MonkeyDoIt! Simple Instructions
Home > Computers > Web Design



What is a Search Engine Spider?




Search Engine Spider
An explanation of what a search engine spider is with an example showing Googlebot in web stats and raw logs.


A Spider or Search Engine Spider is a program that automatically traverses the Web and requests documents from URLs. A spider usually starts from a historical list of URLs and retrieves referenced documents. As it visits new Internet websites it checks to see if the site is already listed in its database. If the site is already listed it usually updates any changes it finds. Spiders are also commonly known as Robots or Crawlers. Other names sometimes used: Webwalkers, Wanderers, or *Worms.

How can I tell if a spider has visited my web site?

One way to see if a Spider or Search Engine Crawler has visited your site is to view your Web statistics. Most complete statistics programs will have this information listed under "User-Agents" or "Robots or Spiders". If you are using a hosting company ask them how to access your web statistics. See Example 1 below:

Example 1 - Web stats showing search engine spiders like Googlebot

Web stats showing search engine spiders like Googlebot

The stats above are from a set time increment. So during this time period Googlebot spider visited the site 55 times. What this view does not show is when they visited. Filters and options within Web stats programs will sometimes allow you to see this information from different perspectives which can be helpful.
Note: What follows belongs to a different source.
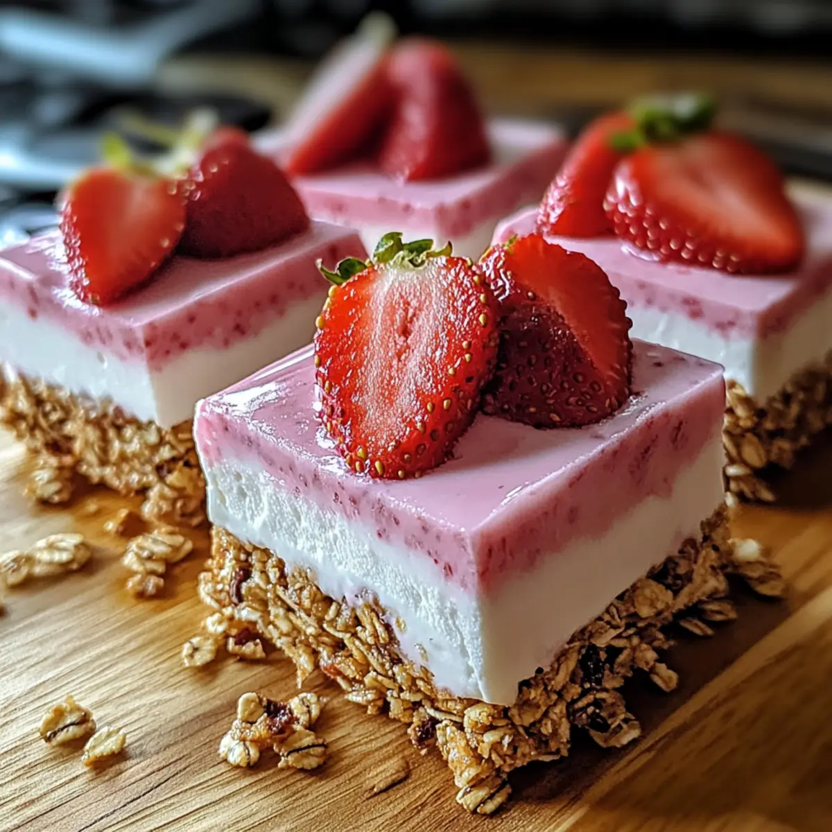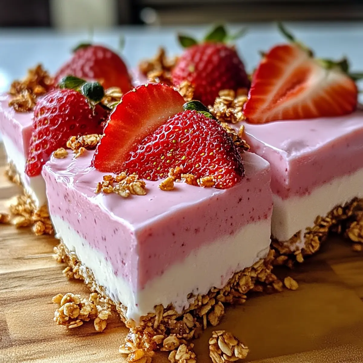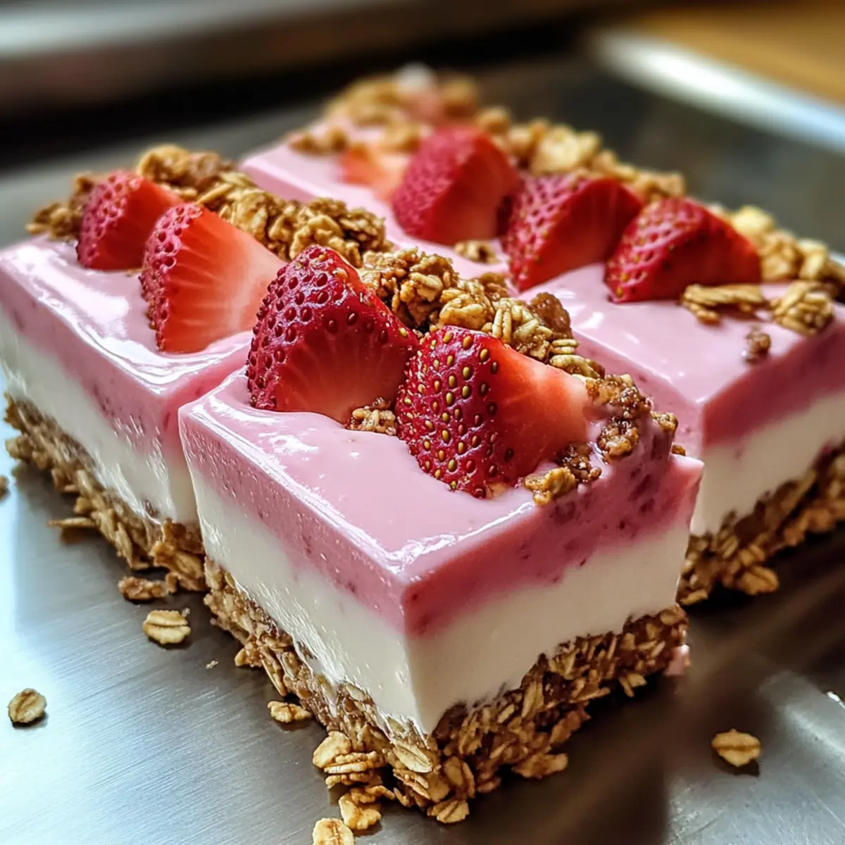 Als ich das erste Mal von den Erdbeer-Joghurt-Riegeln hörte, stellte ich mir vor, wie sie im heißen Sommerwind kühl und erfrischend schmecken würden. Diese leckeren Riegel vereinen eine knusprige Granola-Basis mit cremigen Joghurtschichten und sind die perfekte Antwort auf die Sehnsucht nach etwas Frischem und Leichtem. Das Beste daran? Sie sind nicht nur schnell zubereitet, sondern auch anpassbar, sodass jeder Genussliebhaber auf seine Kosten kommt. Egal, ob du frische Erdbeeren oder eine andere Beerenmischung bevorzugst, die Möglichkeiten sind endlos! Lass uns gemeinsam diese gesunde, no-bake Sommerleckerei kreieren, die sich ideal für entspannte Nachmittage eignet. Bist du bereit, deinen eigenen, köstlichen Snack zu zaubern? Warum sind Erdbeer-Joghurt-Riegel so beliebt? Erfrischend und gesund: Diese Riegel bieten die perfekte Balance aus erfrischender Frucht und cremigem Joghurt. Sie sind die ultimative Wahl für einen gesunden Snack an heißen Sommertagen. Einfache Zubereitung: Mit nur wenigen Schritten kannst du sie zubereiten – ideal, wenn die Zeit drängt. Vielseitig anpassbar: Ob mit verschiedenen Früchten oder Joghurtvarianten, du kannst deiner Kreativität freien Lauf lassen. Kein Backen nötig: Diese no-bake Leckerei ist sowohl für Backneulinge als auch für erfahrene Köche einfach umsetzbar. Crowd-Pleaser: Perfekt für Partys oder Familienfeiern – die bunten Schichten ziehen jeden in ihren Bann! Erdbeer-Joghurt-Riegel Zutaten • Diese Zutaten sorgen dafür, dass deine Erdbeer-Joghurt-Riegel super lecker und erfrischend schmecken! Für die Granola-Basis Granola – sorgt für die knusprige Textur; selbstgemacht ist eine wunderbare Variation! Geschmolzenes Kokosöl – bindet die Granola-Mischung; du kannst auch geschmolzene Butter verwenden. Honig – dient als süßer Geschmacksträger; für eine vegane Variante kannst du Ahornsirup verwenden. Weiße Schokoladenstückchen – verleihen Süße und Cremigkeit; optional für eine milchfreie Version weglassen. Für die Joghurtschichten Naturjoghurt – bietet eine cremige Textur und viel Protein; verwende pflanzlichen Joghurt für eine vegane Alternative. Vanillejoghurt – sorgt für zusätzliche Süße und Geschmack; du kannst auch deinen Lieblingsgeschmack verwenden. Für die fruchtige Schicht Frische Erdbeeren – bringen Farbe und natürliche Süße; gefrorene Erdbeeren sind auch eine gute Option, wenn frische nicht verfügbar sind. Zitronensaft – hebt den Geschmack; frischer Limettensaft ist eine gute Alternative. Vanilleextrakt – verstärkt das Aroma; du kannst auch Zitronenextrakt für einen interessanten Twist verwenden. Schritt-für-Schritt-Anleitung für Erdbeer-Joghurt-Riegel Step 1: Erdbeerpüree zubereiten Mixe 1½ Tassen frische Erdbeeren, 2 Esslöffel Honig und einen Spritzer Zitronensaft in einem Mixer, bis die Mischung schön glatt ist. Achte darauf, die Erdbeeren vollständig zu pürieren, damit du ein sämiges Püree erhältst. Stelle das Püree zur Seite, während du die Joghurtmischung vorbereitest. Step 2: Joghurtschichten mischen In einer Schüssel kombinierst du 1 Tasse Vanillejoghurt, 2 Esslöffel Honig und 1 Teelöffel Vanilleextrakt und rührst gut um, bis alles homogen ist. In einer separaten Schüssel vermengst du den Naturjoghurt mit dem vorbereiteten Erdbeerpüree und gewürfelten Erdbeeren. So entsteht eine leckere, fruchtige Schicht für die Erdbeer-Joghurt-Riegel. Step 3: Granola-Basis kombinieren In einer großen Schüssel mischst du das Granola mit 2 Esslöffeln geschmolzenem Kokosöl und 2 Esslöffeln Honig. Rühre alles gründlich durch, bis die Granola-Mischung gut benetzt ist. Wenn du möchtest, kannst du auch weiße Schokoladenstückchen hinzufügen, um den Riegeln eine süße Note zu verleihen. Step 4: Riegel zusammenstellen Drücke die Granola-Mischung gleichmäßig in die Riegelform, sodass eine feste Basis entsteht. Gieße die Vanille-Joghurtschicht darauf und klopfe leicht, um Luftblasen zu entfernen. Fülle anschließend die Erdbeer-Joghurtschicht über die Vanille-Schicht und achte darauf, dass genügend Platz bleibt, um das Volumen zu berücksichtigen. Step 5: Riegel einfrieren Stecke die Eisstiele in die Riegel und platziere die Form in den Gefrierschrank. Lasse die Erdbeer-Joghurt-Riegel mindestens 4 Stunden frieren, bis sie fest sind. Dies sorgt dafür, dass die Schichten schön zusammenhalten und die Riegel sich leicht aus der Form lösen lassen. Step 6: Riegel aus der Form lösen Um die Riegel aus der Form zu lösen, halte sie kurz unter warmes Wasser, damit sie sich leichter herausziehen lassen. Ziehe die Riegel vorsichtig aus der Form und serviere sie sofort oder lagere sie in einem luftdichten Behälter im Kühlschrank oder Gefrierfach für späteren Genuss. Lagerungstipps für Erdbeer-Joghurt-Riegel Kühlschrank: Bewahre die Erdbeer-Joghurt-Riegel in einem luftdichten Behälter auf, damit sie bis zu 3 Tage frisch bleiben. So bleiben Geschmack und Textur optimal. Gefrierschrank: Du kannst die Riegel bis zu 2 Wochen in einem gefriergeeigneten Behälter einfrieren. Achte darauf, sie gut zu verpacken, um Gefrierbrand zu vermeiden. Auftauen: Zum Servieren die gefrorenen Riegel über Nacht im Kühlschrank auftauen lassen. So bleiben sie angenehm kühl und erfrischend. Wiedererwärmen: Diese Riegel sind am besten kalt serviert und benötigen keine erneute Erwärmung. Tipps zur Vorbereitung der Erdbeer-Joghurt-Riegel Die Erdbeer-Joghurt-Riegel sind ideal für eine unkomplizierte und zeitsparende Essensvorbereitung! Du kannst die Granola-Basis bis zu 3 Tage im Voraus zubereiten, indem du sie in einem luftdichten Behälter im Kühlschrank aufbewahrst, um die Knusprigkeit zu bewahren. Das Erdbeerpüree lässt sich ebenfalls hervorragend für 24 Stunden vorbereiten, sodass du beim Zusammenstellen der Riegel Zeit sparst. Wenn du bereit bist zu genießen, drücke einfach die Granola-Mischung in deine Form, gieße die Joghurtschichten darüber und friere sie für mind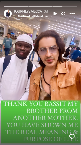 اداکار نے انسٹاگرام پر اپنے ’مکہ کے سفر‘ میں اپنے ایک دوست کے ساتھ تصویر شیئر کی اور لکھا شکریہ میرے بھائی باسط۔ آپ نے مجھے زندگی کے اصل معنی اور مقصد بتائے۔

Example 2 - Finding Spiders in Server Log Files (User-Agent Logs)

It's sometimes necessary to view the web server's log file data for more complete usage information. These logs are commonly located in directories outside of the Web root folder like var/log but may differ depending on the operating system and specific server configuration. Here I did a search in the log file for instances of "google" and this was the first result:

64.68.82.197 - - [16/Feb/2004:22:04:16 -0800] "GET /robots.txt HTTP/1.0" 302 291 "-" "Googlebot/2.1 (+http://www.googlebot.com/bot.html)"

If you look closely you will see IP address, time of request, file requested ("robots.txt"), and the User-agent requesting the file (Googlebot/2.1).